Ну, конечно, за бугром — настоящая слежка, у гостиничных стен — чуткие уши, но в то же время и настоятельные подсказки руководящих лиц:
— Вы — свободные люди! Вы — римляне Третьего Рима, товарищи!..
И вы начинаете верить в предложенную роль, и мысли ваши делаются некоторым образом свободными…
Иллюзия свободы — вот что такое гастроли, господа!..

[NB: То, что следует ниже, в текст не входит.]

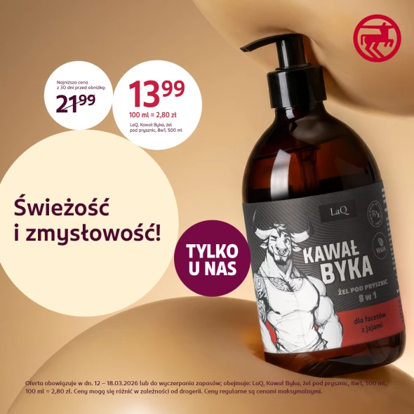 · świeży i zmysłowy żel pod prysznic LAQ Kawał Byka (w tym tygodniu tylko 13,99 zł);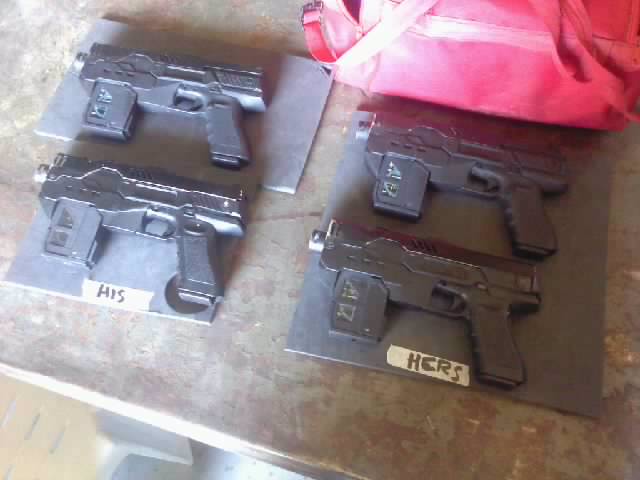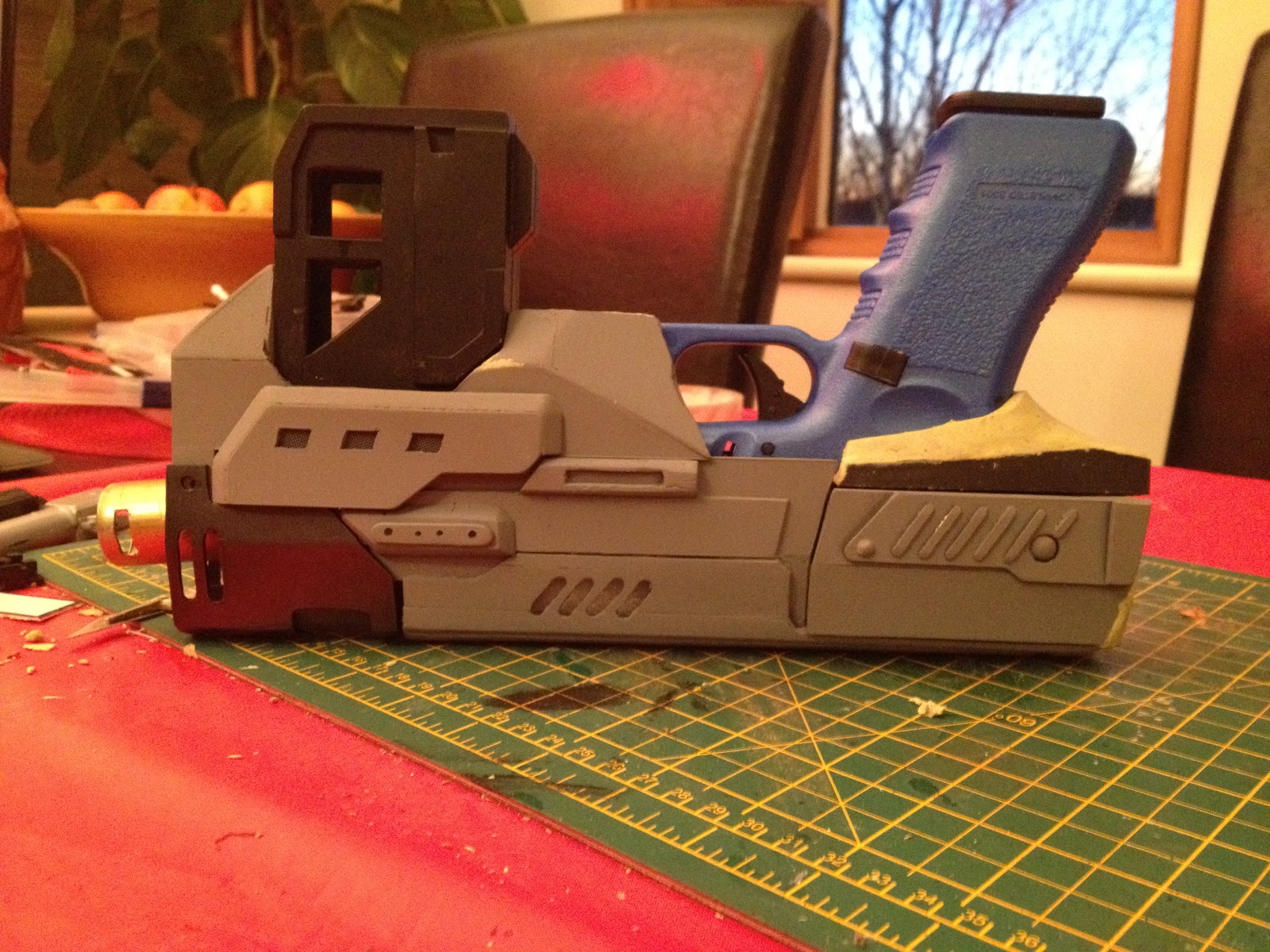 As I had designed it all in photoshop to realise it in 3D with tops, bottoms and back and front was quite a challenge and I had many failed attempts at heating and bending the styrene to give the squareish curvature of the top section...let alone the bottom shape..but more on that later...I finally, after hunting high and low for the correct length and width, settled on the spine of an old Illustators agency catalogue..haha! it was damn near perfect to bring the flat parts to glorious 3D life...and from there it went full throttle...I also decided to make it a firing prop an acquired another replica Glock but this time, for a few extra ££'s, got an automatic gas powered BB gun to replace the rapidly deteriorating through glue and scalpel cuts springer.

По этому поводу вспомнился автору славный эпизод незабвенных 60-х годов, когда Р., прибывший из своей азийской провинции, впервые услышал спетую Зиной Шарко и Сережей Юрским песенку о свободе. Они составляли тогда дружную пару и исполняли на сцене и в закулисных посиделках смешные номера и веселые скетчи. Начиналась песенка так: «Раз в Ростове-на-Дону попал я первый раз в тюрьму, на нары, блин, на нары, блин, на нары. Сижу на нарах, жрать хочу, не помню строчки, чу-чу-чу, кошмары, блин, кошмары, блин, кошмары». В результате приключенческих событий ситуация счастливо менялась, и для героя наступала «слобода, блин, слобода, блин, слобода!..».
Ни за что не расскажет автор, в каких лирических обстоятельствах оказались тогда все четверо, ни под каким видом не откроет ни петербургского адреса, ни четвертого нежного имени. И, век свободы не видать, не забудет ту странную ночь, когда обе красавицы обыграли артистов Ю. и Р. в карты, оставили в дураках, велели раздеться до пояса и сидеть за веселым столом с обнаженными торсами, наслаждаясь короткой отвязкой…

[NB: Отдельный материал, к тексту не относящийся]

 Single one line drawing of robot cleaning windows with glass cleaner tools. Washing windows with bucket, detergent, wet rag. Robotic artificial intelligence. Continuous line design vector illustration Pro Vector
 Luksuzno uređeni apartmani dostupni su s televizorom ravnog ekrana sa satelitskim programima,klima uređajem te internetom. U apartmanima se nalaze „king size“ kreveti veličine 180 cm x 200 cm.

Никакого наглого продолжения или дурного смысла. Каприз летних посиделок, не более. Игровой морок белых ночей. Чудная прекрасная молодость. Легкое помешательство внезапной воли. Тайна. Радость. Нева…
Ну ладно… Вы уже поняли, что гастроли — квинтэссенция театрального воздуха, и БДТ в этом смысле очень даже везло. Во всяком случае, начиная с 1963 года, чему свидетелем артист Р.: в том году состоялись первые гастроли БДТ в Болгарии и Румынии, и он в них попал. А став сольным концертантом, Р. гастролировал не только с театром, но и единолично от имени таких могучих организаций, какими являлись Ленконцерт, Росконцерт, Союзконцерт и даже Москонцерт, причем каждый год, так что, может быть, третью часть своей актерской жизни Р. провел в разнохарактерных и постоянных гастролях.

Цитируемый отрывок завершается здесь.